Scrollbar in header for no obvious reason

T

Tad Marshall

Create a new page in OneNote 2003 SP2 and type some text into the Title box.
Press Shift+Home to select the text, then press Ctrl+C to copy it to the
clipboard. Create another new page and press Ctrl+V to paste your previous
page title into the new page. You now have a vertical scrollbar in the
header for no obvious reason (since the text fits just fine, and there was
no scrollbar in the previous page). Clicking the up-arrow in the scrollbar
causes it to go away.

What's more annoying is that the scrollbars sometimes "come back". I
created pages for 24 lectures by using Ctrl+V (pasting "Lecture " and then
typing the lecture number), and cleared out all of the scrollbars by
clicking the up-arrows, but they "come back" at random. I suppose that I
could retype all the headers or just learn to live with random scrollbars,
but it makes OneNote seem buggy in a way that is annoying.

Just another minor UI nit.

Tad

P.S. Is there a better way to post bug reports than in a newsgroup?
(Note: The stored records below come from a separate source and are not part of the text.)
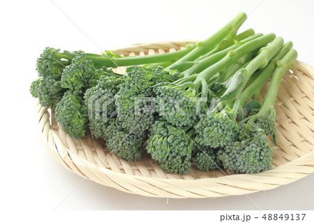 注意)背景の白に、小ゴミ小キズが残ります。スティックセニョール(茎ブロッコリー)、野菜。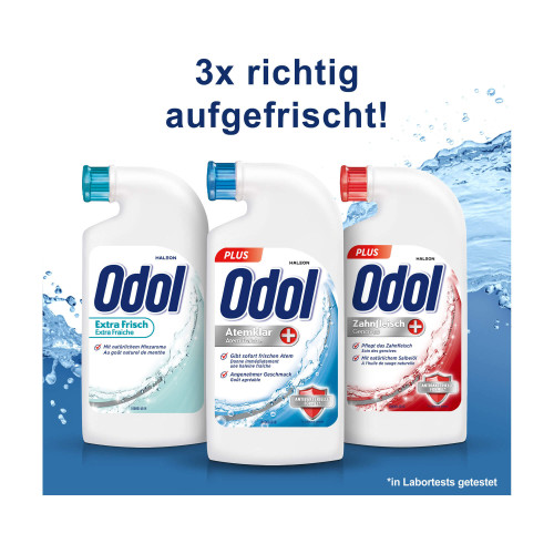 Produkt muss vor Gebrauch verdünnt werden. 3-5 Tropfen Odol Konzentrat in 50-60 ml (1/4 Glas) Wasser geben.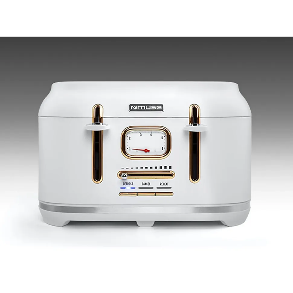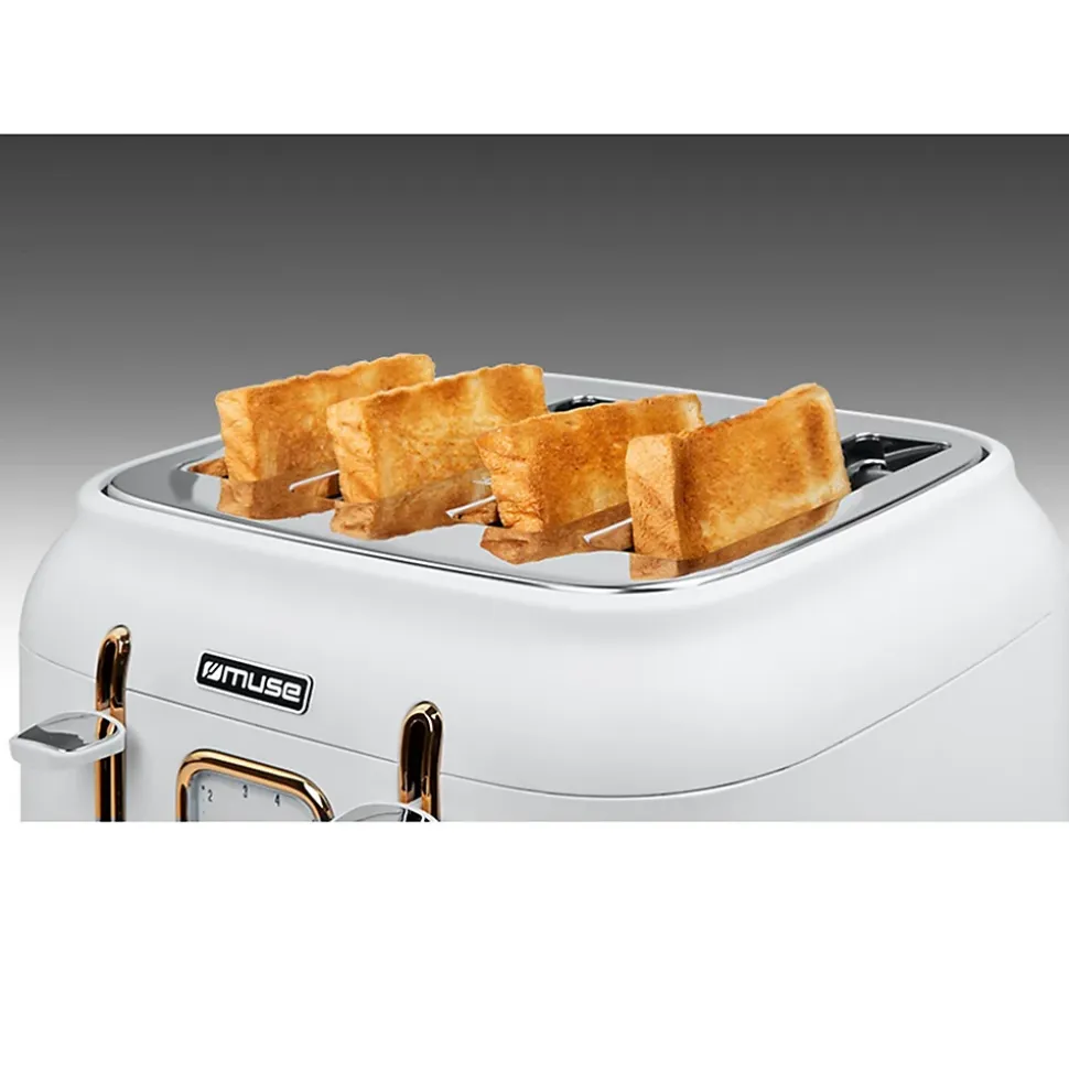 Grille-pain Muse MS-131W – 4 fentes – décongélation et réchauffage, Tiroir ramasse-miettes amovible, 1800W – Acier inoxydable et galvanisé, vous serez séduit par ses fonctionnalités et son look Rétro/DesignCARACTÉRISTIQUES :- 4 fentes- Tiroir ramasse-miettes amovible pour un nettoyage facile- Acier inoxydable et galvaniséFONCTIONS :- 6 niveaux de brunissement- Arrêt automatique- Touche de remontée- Interrupteur lumineux- Enrouleur de cordon- Surélévation pour un retrait des petites tranches en toute sécurité- Contrôle du brunissement avec fonctions d’annulation, décongélation et réchauffage- Cuisson double facePUISSANCE :- 1800WALIMENTATION :- 220-240V, 50/60HzPRODUIT :- 195 mm (H) x 300 mm (P) x 296 mm (L)- Poids net: 2.34 kg…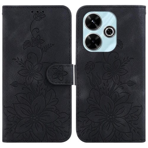 Funda de Cuero con Relieve de Lirio para Xiaomi Redmi 13 4G (Negra)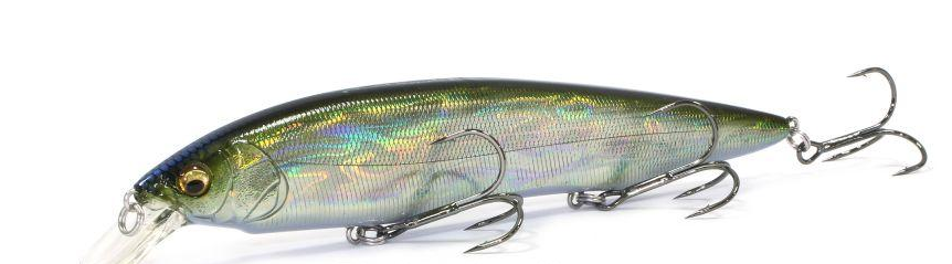 Японская компания Megabass расширила свой ассортимент объемных пластиковых приманок, выпустив воблер под названием Kanata. Это довольно-таки крупная приманка длиною 16 см и весом 30 гр. Но ощущение громоздкости развеивается, когда берешь ее в руки. Дело в том, что при своей внушительной длине, Каната достаточно плоская - максимальная толщина составляет чуть более 1 см. Благодаря такому корпусу, минноу активно играет даже на простой равномерной проводке, при которой он демонстрирует плоские бока. Но самой лучшей анимацией является твичинг, при котором приманка широко мечется из стороны в сторону. Также за игру отвечает лопатка оригинальной формы, определяющая горизонт заглубления в районе одного метра. Ну, а чтобы увеличить дальность заброса и без того тяжелого воблера, внутри расположена простейшая система, состоящая из продольного канала с тремя шарами из металла. В качестве потенциального трофея стоит рассчитывать на крупную щуку, для удержания которой Kanata укомплектована мощными тройными крючками.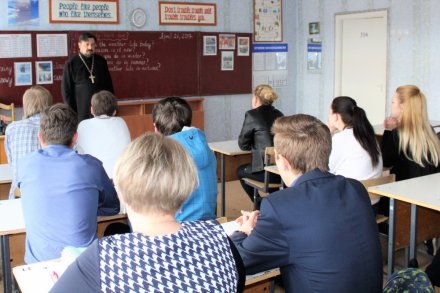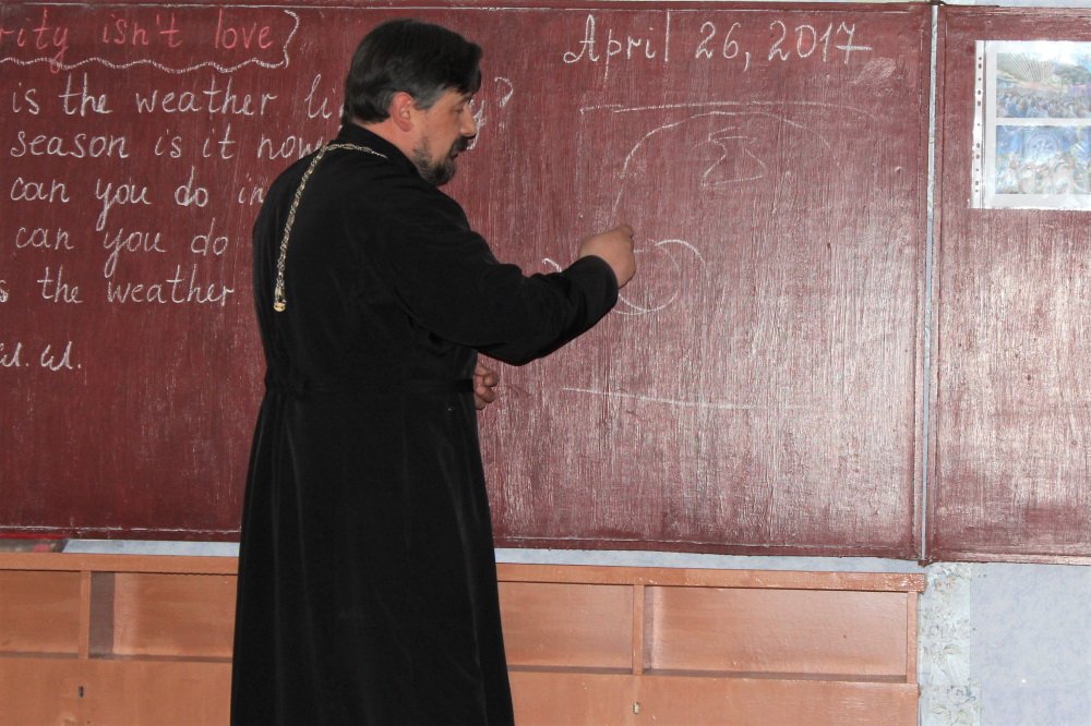 26 апреля протоиерей Николай Степанов, настоятель прихода храма Святого Архангела Михаила агрогородка Тихиничи, встретился с учащимися 11 класса средней школы №6 г. Рогачёва. Беседа была посвящена самому главному и самому таинственному христианскому празднику - Пасхе Христовой. В простых и доступных молодым людям образах отец Николай объяснил, что произошло с человеком в результате грехопадения и для чего понадобились крестные страдания Спасителя нашего Господа Иисуса Христа: " Вирус греха со времён Адама присутствует в каждом человеке. Посмотрите один день на себя со стороны. Вы заметите, сколько нечистоты в наших мыслях и словах. Причём, умом я понимаю, что надо по-другому, но всё равно делаю, потому что душа больна. Но мы творение Божье, и Он не стоит в стороне. Господь приходит к нам и воплощается, принимает на себя нашу природу и восстанавливает её в Себе. Не в нас, а в Самом Себе. Отныне наша задача заключается в том, чтобы крепко за Него держаться верой, как не умеющий плавать держится за спасательный круг. Почему такой способ спасения – через Крест? Бог есть Любовь, а любовь – это дарение себя, когда человек забывает о себе. Бог, умирая на Кресте ради любви к нам, связует Небо и землю, побеждает смерть. Теперь смерть – это не тупик, это дверь между временным и вечным. И мы должны позаботиться о том, что возьмём в эту вечность». Ребята задумались над услышанным, задавали вопросы, обсуждали. Совсем скоро они перешагнут порог взрослой жизни. Важно, чтобы именно сейчас они задумались над тем, что в бушующем море жизни Господь предлагает нам свою Церковь как корабль, на борту которого мы можем его переплыть.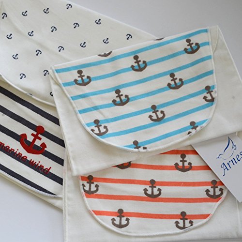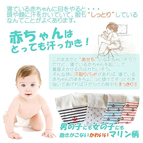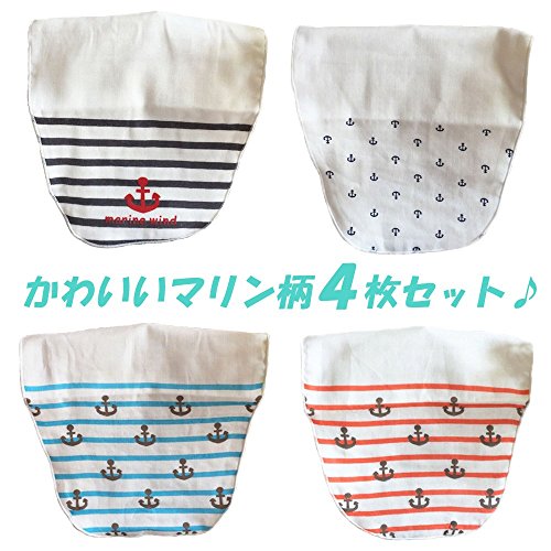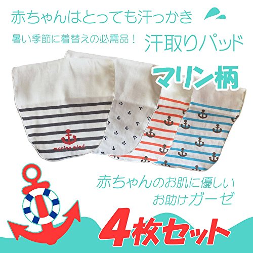 (アーネス)Arnes ベビー 汗取り パッド 4重 ガーゼ マリン 柄 4枚 セット 赤ちゃん 飾り襟 あせも 背中 シート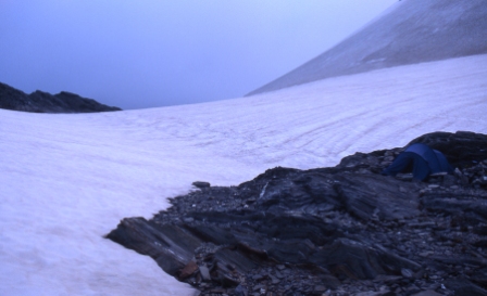 Here is my tent, nestled in among the rocks at Bevan Col. |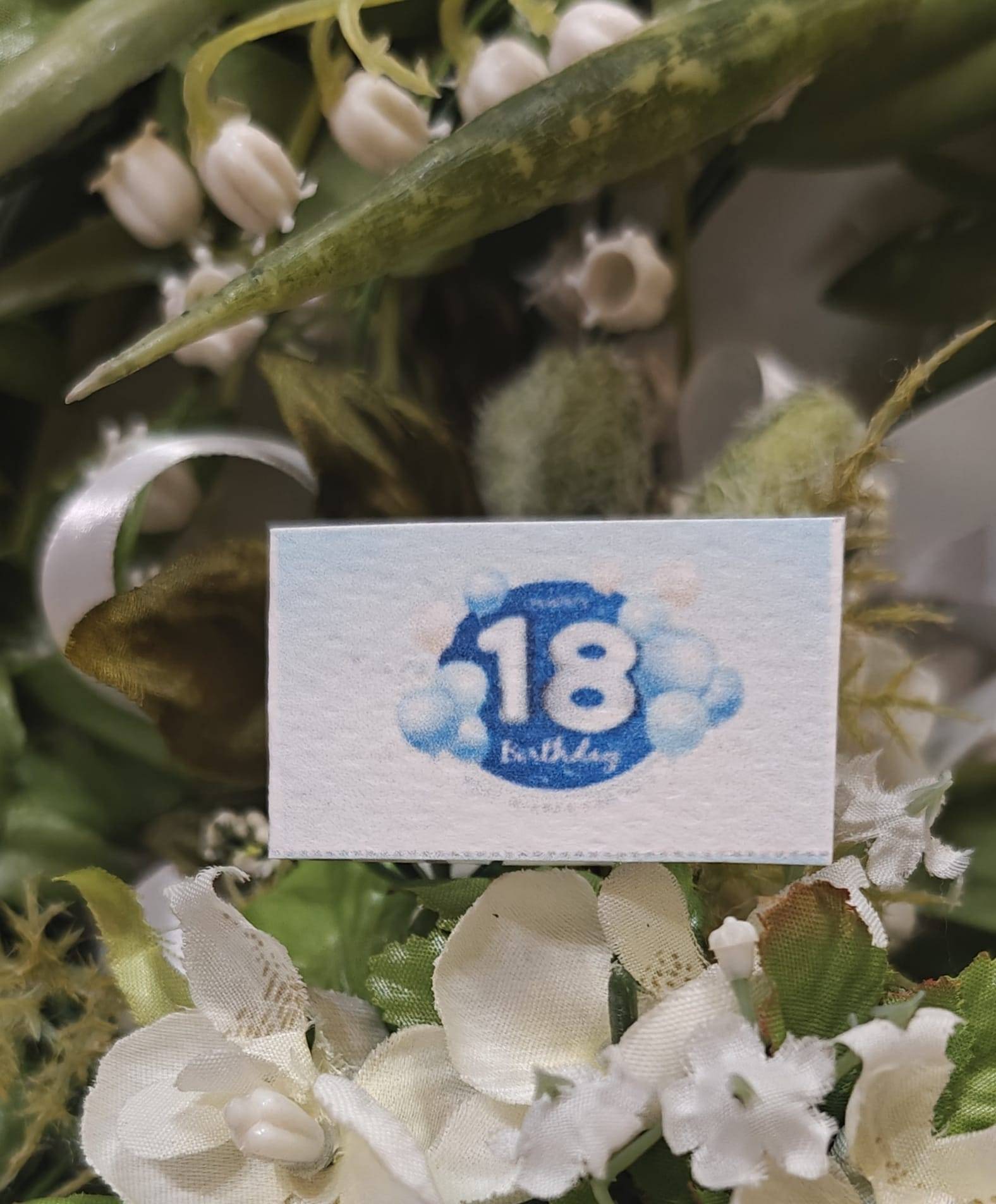 Bigliettino 18 anni in coordinato all'invito, segna tavolo, cono confettata, menù, scatolina misura 5 ×3 cm, realizzato in cartoncino pregiato gr.250.
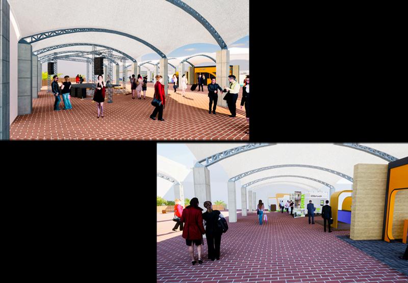 The pavilion's expansive spaces are ideal for various commercial, recreational, and exhibition activities within its galleries. Its open-plan design not only provides ample room fordiversefunctionsbutalsoallowsforabundantnaturallight and ventilation, creating a comfortable and inviting environment.

This
way, at least, other people can see them, and I do have this cool nospam
address so presumably somebody at MS is reading these reports ...

I like OneNote, and it isn't any flakier than any other MS 1.0 product, but
it is a little rough around the edges.

Re: this newsgroup: isn't it amazing how many people post here when they
want help with Outlook? No one posts Excel or PowerPoint issues here by
mistake ... I think that the names OneNote and Outlook must be too similar,
or maybe no one misposting gets past the first letter of the product name.

Oh, and I want tables and an equation editor too, but you knew that ... :)
 
C

Chris H.

I'll address your P.S., Tad: Microsoft's OneNote Team, especially Chris
Pratley, monitor this newsgroup and are very active as you can see if you
take a look through the previous posts. Chris is among the most open of the
project people at Microsoft. You can learn a lot from his OneNote blog:
http://blogs.msdn.com/chris_pratley/

As for people posting about Outlook here, if you look at the posting
addresses, most of them are from the "discussions" section - or web-based
newsgroups - and Outlook and OneNote are quite close together. If those
people used a real news reader, like Outlook Express, and access Microsoft's
newsgroups through an NNTP news server (like msnews.microsoft.com) they
would know the difference before opening the group. Confusion in that case,
may be excusable. Hard to let people know this isn't a "forum" and multiple
postings of the same subject don't do anything except add to the number of
posts.
--
Chris H.
Microsoft Windows MVP/Tablet PC
Tablet Creations - http://nicecreations.us/
Associate Expert
Expert Zone -
 
T

Tad Marshall

Thanks, Chris. I read the entire newsgroup before posting, so I had seen
that Chris Pratley and several testers are reading the messages. I agree,
Chris' blog is great, full of insider info and helpful information.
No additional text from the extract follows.